◆ TASK INSTRUCTIONS:
Make an exact copy of the lines from the one containing "Dress It Up" through the end of the records below, and leave out every picture.

[Stored records]
+===+

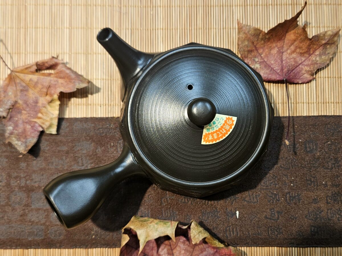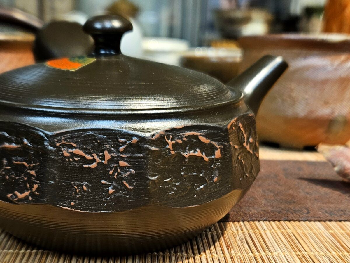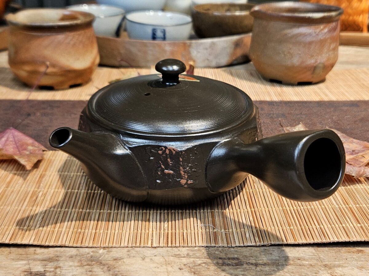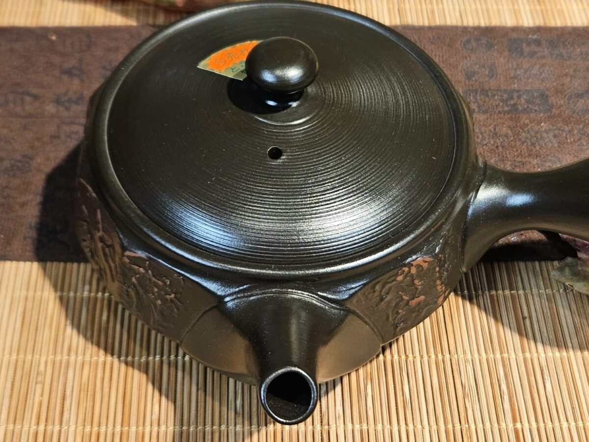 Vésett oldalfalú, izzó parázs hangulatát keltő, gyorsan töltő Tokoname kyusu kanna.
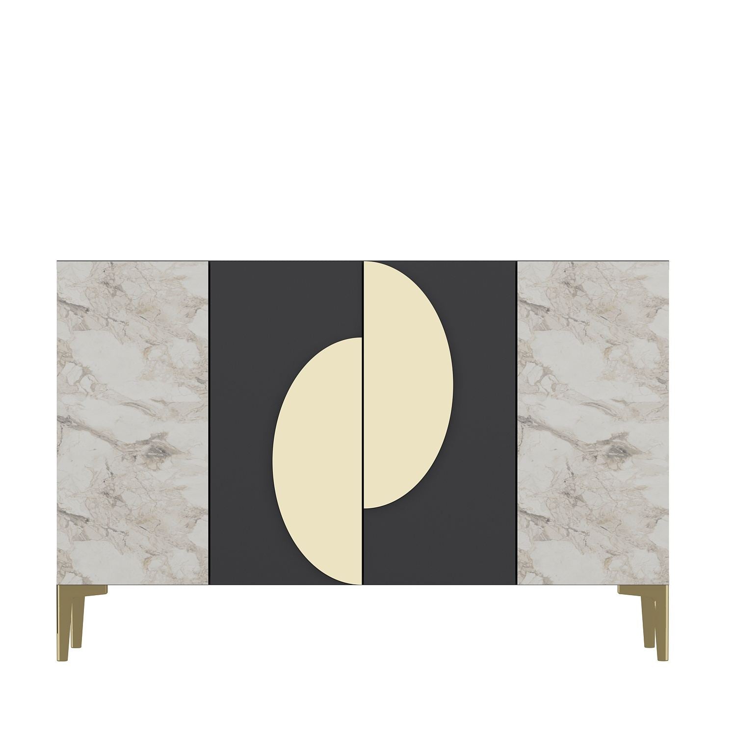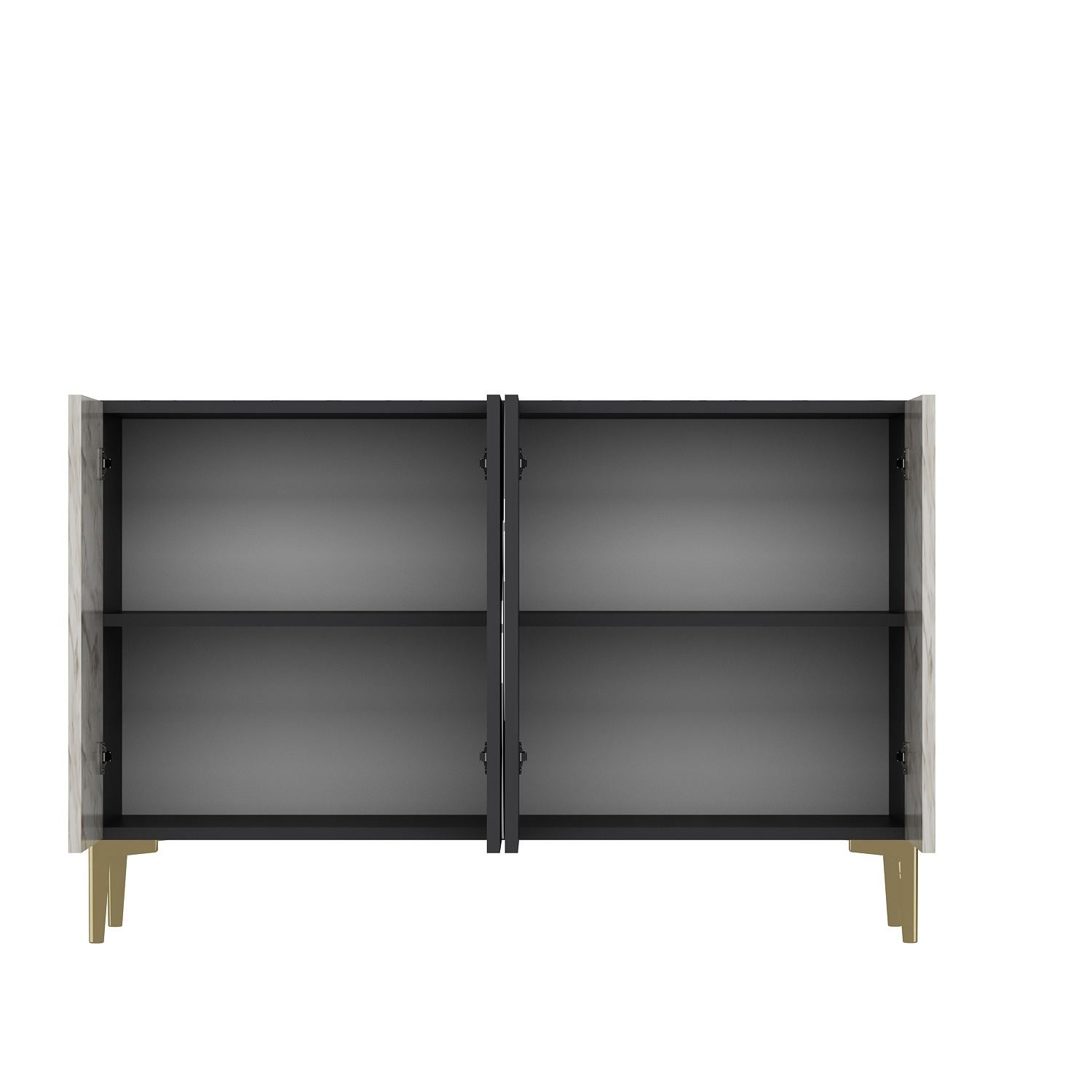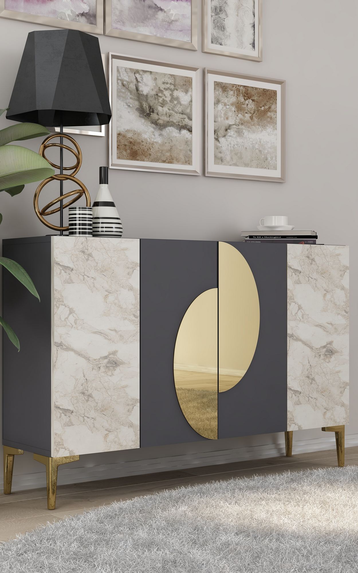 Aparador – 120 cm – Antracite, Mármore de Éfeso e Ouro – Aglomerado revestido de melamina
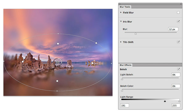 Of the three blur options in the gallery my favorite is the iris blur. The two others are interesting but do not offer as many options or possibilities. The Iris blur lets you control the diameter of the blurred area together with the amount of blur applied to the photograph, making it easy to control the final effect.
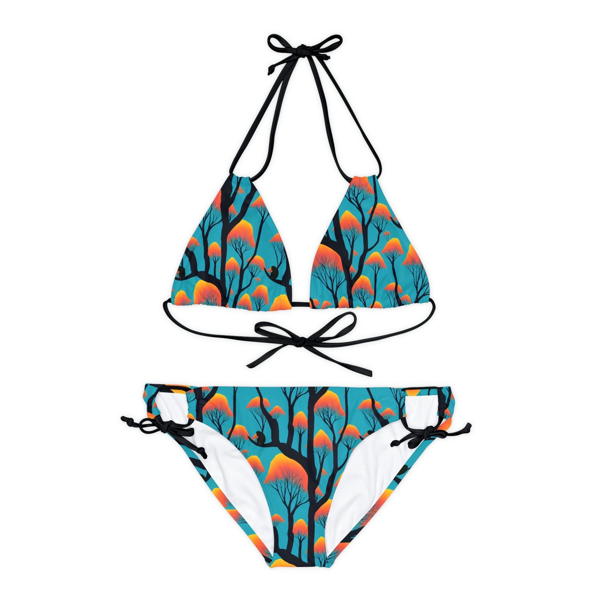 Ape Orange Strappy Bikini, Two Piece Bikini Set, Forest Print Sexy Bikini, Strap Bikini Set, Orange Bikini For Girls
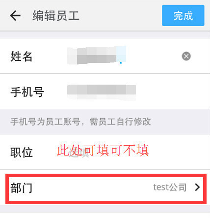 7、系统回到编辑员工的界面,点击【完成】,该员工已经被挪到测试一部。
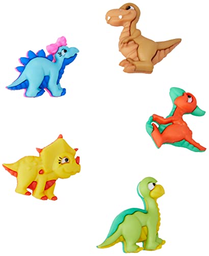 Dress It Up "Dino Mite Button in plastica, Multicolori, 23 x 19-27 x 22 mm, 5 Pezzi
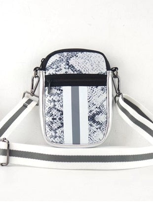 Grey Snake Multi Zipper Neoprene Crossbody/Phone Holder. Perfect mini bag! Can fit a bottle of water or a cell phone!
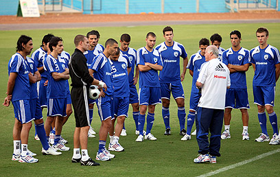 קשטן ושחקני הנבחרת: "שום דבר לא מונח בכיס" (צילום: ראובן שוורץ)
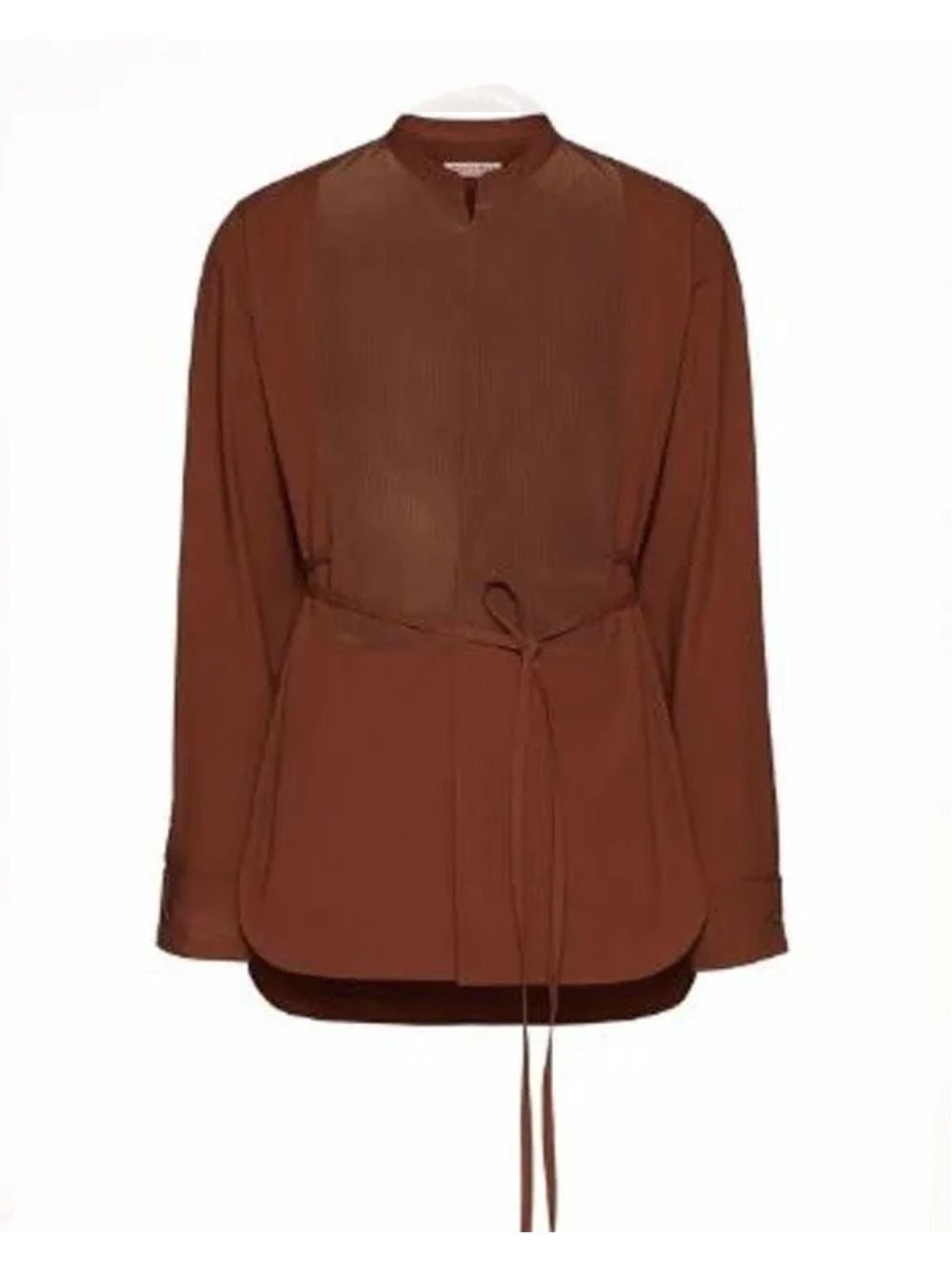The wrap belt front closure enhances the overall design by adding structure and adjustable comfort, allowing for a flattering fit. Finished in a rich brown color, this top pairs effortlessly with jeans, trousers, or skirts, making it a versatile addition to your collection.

+===+

◆ WRITTEN RESPONSE:
 Dress It Up "Dino Mite Button in plastica, Multicolori, 23 x 19-27 x 22 mm, 5 Pezzi
 Grey Snake Multi Zipper Neoprene Crossbody/Phone Holder. Perfect mini bag! Can fit a bottle of water or a cell phone!
 קשטן ושחקני הנבחרת: "שום דבר לא מונח בכיס" (צילום: ראובן שוורץ)
The wrap belt front closure enhances the overall design by adding structure and adjustable comfort, allowing for a flattering fit. Finished in a rich brown color, this top pairs effortlessly with jeans, trousers, or skirts, making it a versatile addition to your collection.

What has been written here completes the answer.